Prince Karl Franz was born on 15 December 1916 in Potsdam. He was the only child born to Prince Joachim of Prussia and Princess Marie-Auguste of Anhalt and was the Emperor's fourth grandchild to be born since World War I began; he was consequently very young when Hohenzollern fortunes fell. His grandfather abdicated in 1918, and his father, Prince Joachim, committed suicide in 1920. At the time of his grandfather's abdication, Prince Karl Franz was twelfth in line of succession to the German and Prussian thrones.

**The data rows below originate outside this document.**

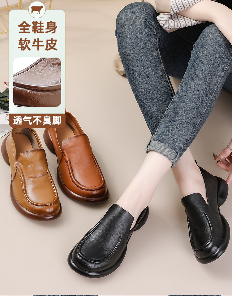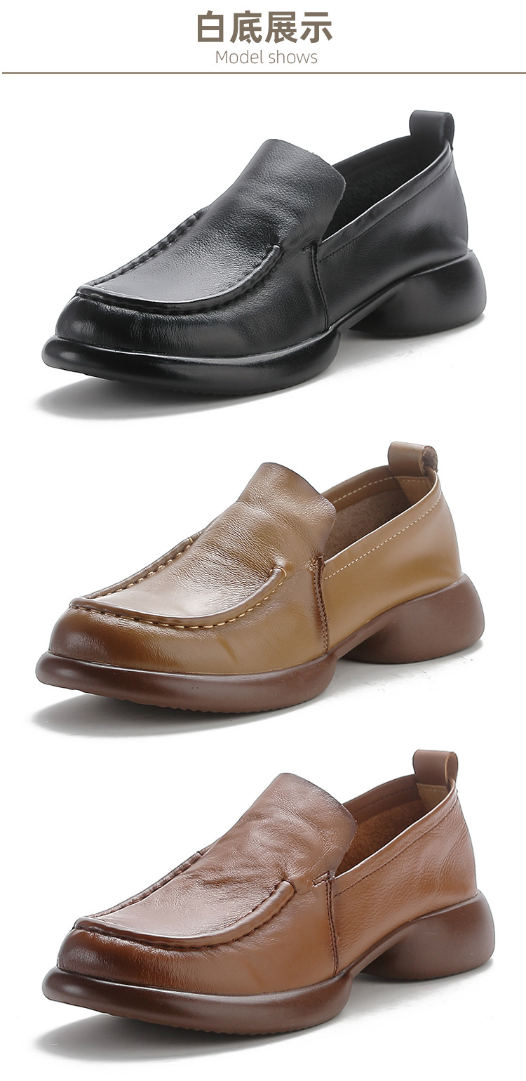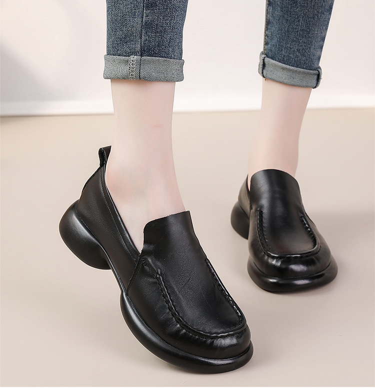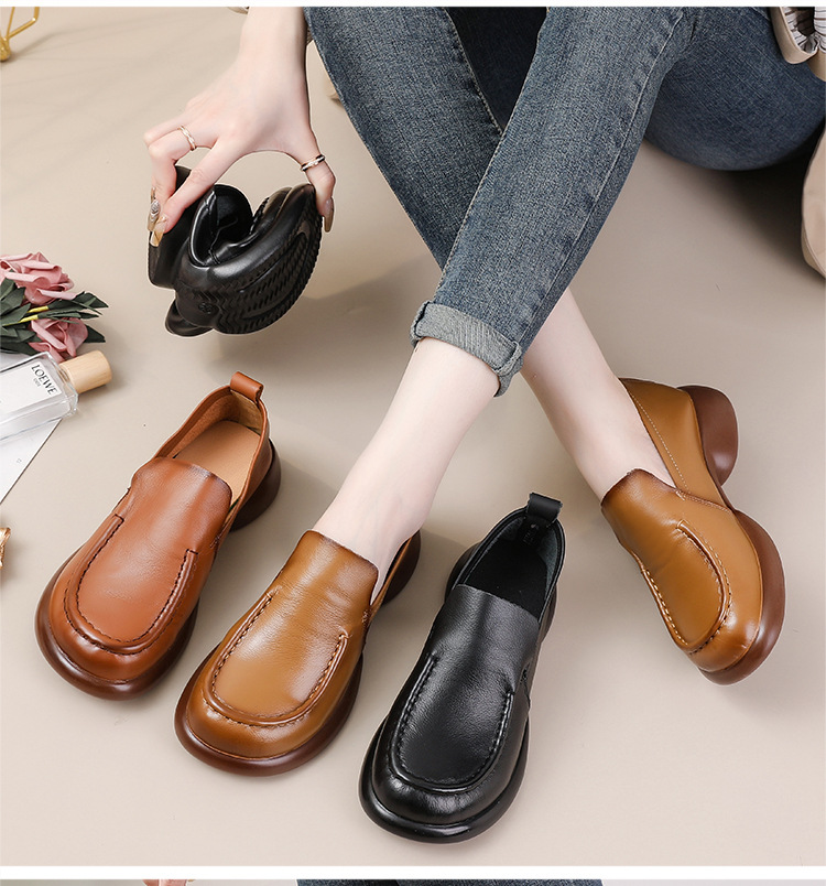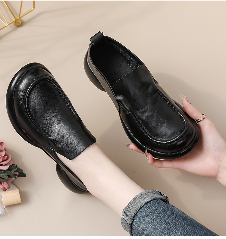 진짜 소가죽 2024 가을 신발 하이힐 통굽 엄마 신발 두꺼운 밑창 로퍼 여성 신상 영국 스타일스토어 가기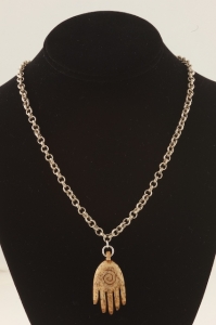 For those of you who value the healing power of touch, this Healing Hand made of hand carved bone from Indonesia will have special meaning. The chain, measuring 18 inches, is hand made, 98% pure fine silver from Thailand. It has a great heft and does look different from sterling silver. Closes with a large, sterling silver lobster clasp.
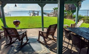 This perfect waterfront bayhouse has been family-kept since the 1950s. Fully re-built in 2009 after Ike, it is a great location for a fishing weekend. The open front family room has a large couch, relaxing chair, and a futon; along with large dining room, and huge updated kitchen. The back rooms includes 4 bed; 1 double and 1 single bed in Room #1, and 2 single beds in Room #2. Two Pristine bathrooms inside, along with one inside and one outside shower.About pets:Pets allowed: less than 50 lbs per pet (limit 3 pets total).About checkOut:Flexible check-out available (contact host to arrange).About children:Children allowed: ages 0-17.About checkIn:Flexible check-in available (contact host in advance of arrival).About smoking:Smoking allowed: in designated areas.Smoking Outside.About minBookingAge:Minimum age to rent: 18.About events:No events allowed.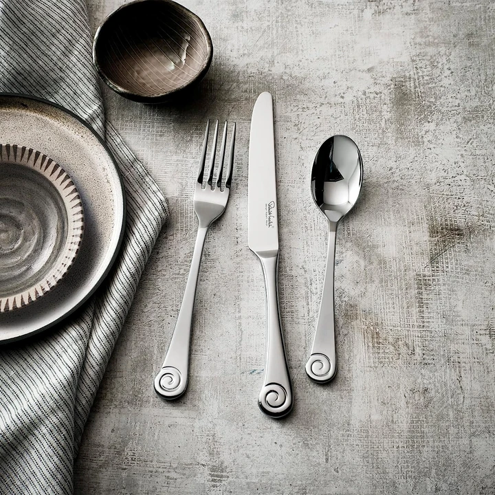 - ZAMANSIZ STİL – Ammonite Bright çatal bıçak takımı 1990’ların başında tasarlandı ve Robert Welch tarafından tasarlanan güncel çatal bıçak takımı serilerinin bir koleksiyonuna ait. Fosillerin doğal sarmallarından ilham alan, nautilaus kabuğu şeklindeki Ammonite çatal bıçak takımı, her sofraya özgün bir ektir.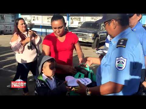 Visiblemente emocionados estudiantes, hijos de agente policiales del departamento de Carazo, recibieron uniformes y mochilas con sus respectivos útiles escolares para el inicio del año académico 2018.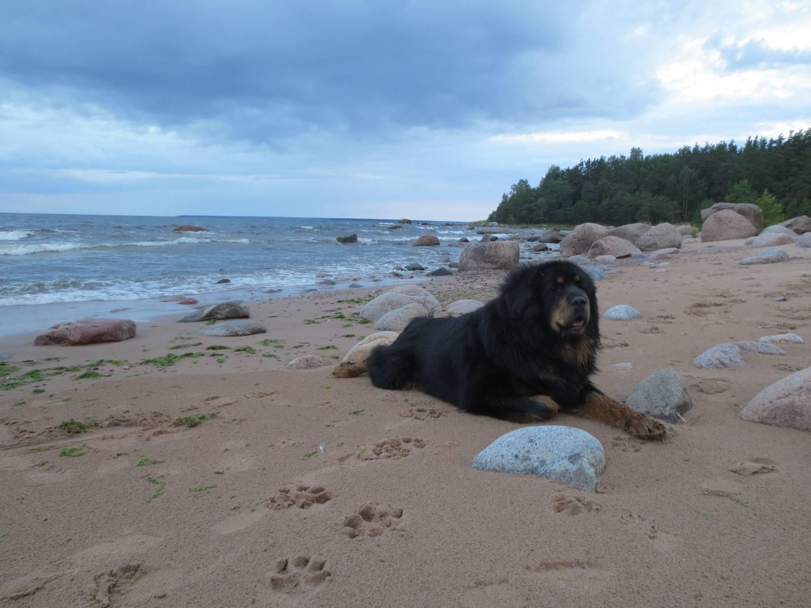 » Wallpaper Tibetan mastiff on the beach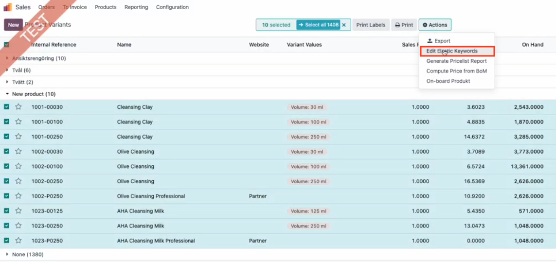You can also batch edit keywords on multiple variants at once. Select your variants and then go to Actions - Edit Elastic Keywords.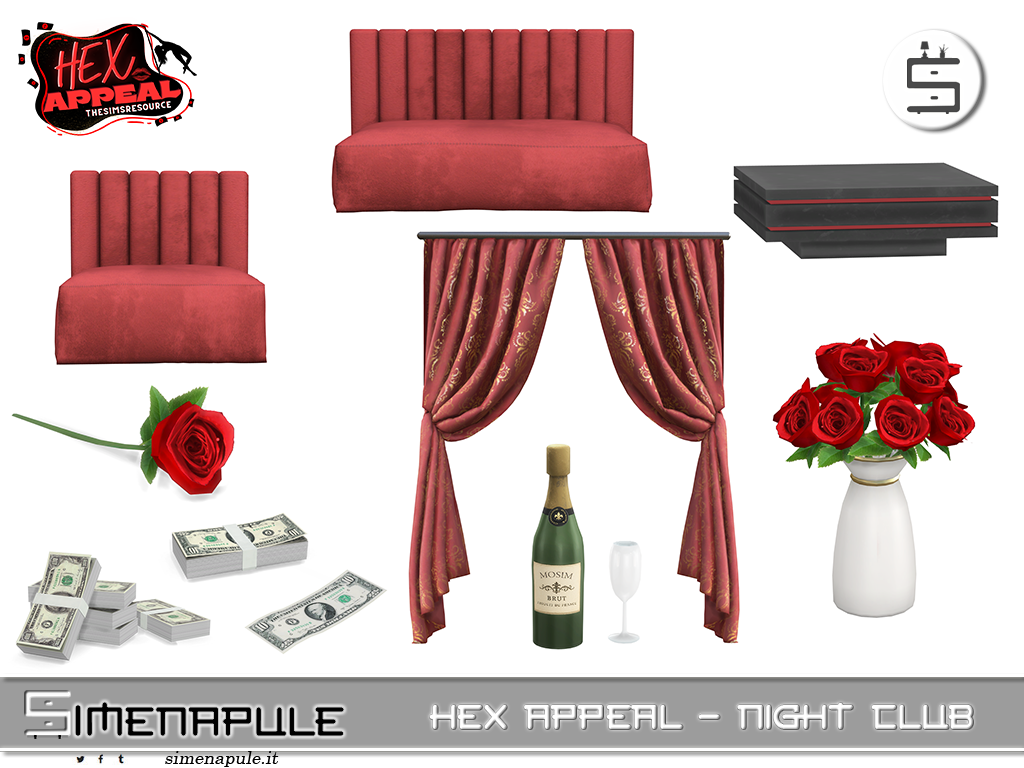 Bring sultry energy to your Sims nights with velvet booths and glowing neon signs. This set oozes bold, provocative vibes , perfect for bars, strip clubs, or steamy photo sessions.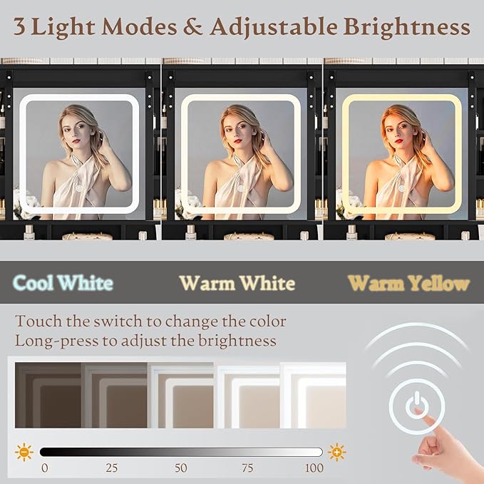 - 【3 Lighting Modes & Brightness Adjustable】This make up vanity features a large LED mirror with 3 color modes (warm; natural; cool), which is safer than ordinary light bulbs. You can change the color mode by pressing the touch switch, or adjust the brightness by long-pressing the touch switch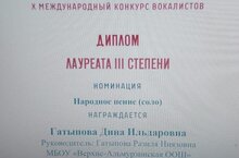 "Сандугач- Соловей" Х Халыкара вокалистлар конкурсында катнашып Гатыпова Динә 3 дәрәҗәдәге лауреат исеменә лаек булды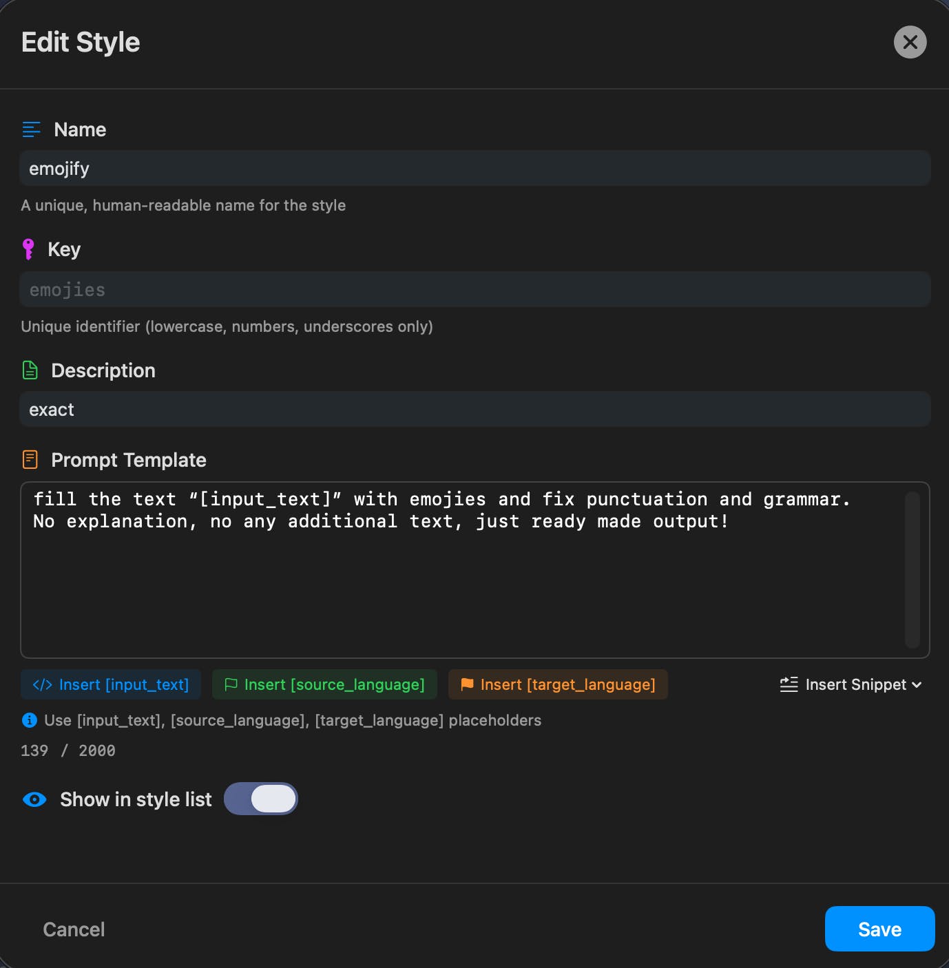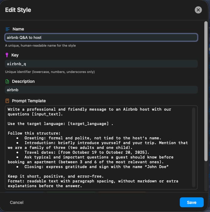 I created a Reply Style template called “Airbnb Q&A to Host” (Settings → Reply Styles → Create new style).

After his father's suicide, Karl Franz was taken into custody by his paternal uncle, Prince Eitel Friedrich of Prussia. As the legal head of the House of Hohenzollern, he claimed this right because Emperor Wilhelm had issued an edict placing Hohenzollern powers in Eitel's hands. This was later declared to have been illegal, and his mother was given full custody of him in 1921. She was given this right despite the fact that she had run away from her husband and that there had been numerous servants testifying against her. Eitel's defence had also stated that Marie-Auguste was not a fit person for Karl Franz's guardianship. Marie-Auguste went to court however and made a plea that she was heartbroken, which may have helped win the case for her.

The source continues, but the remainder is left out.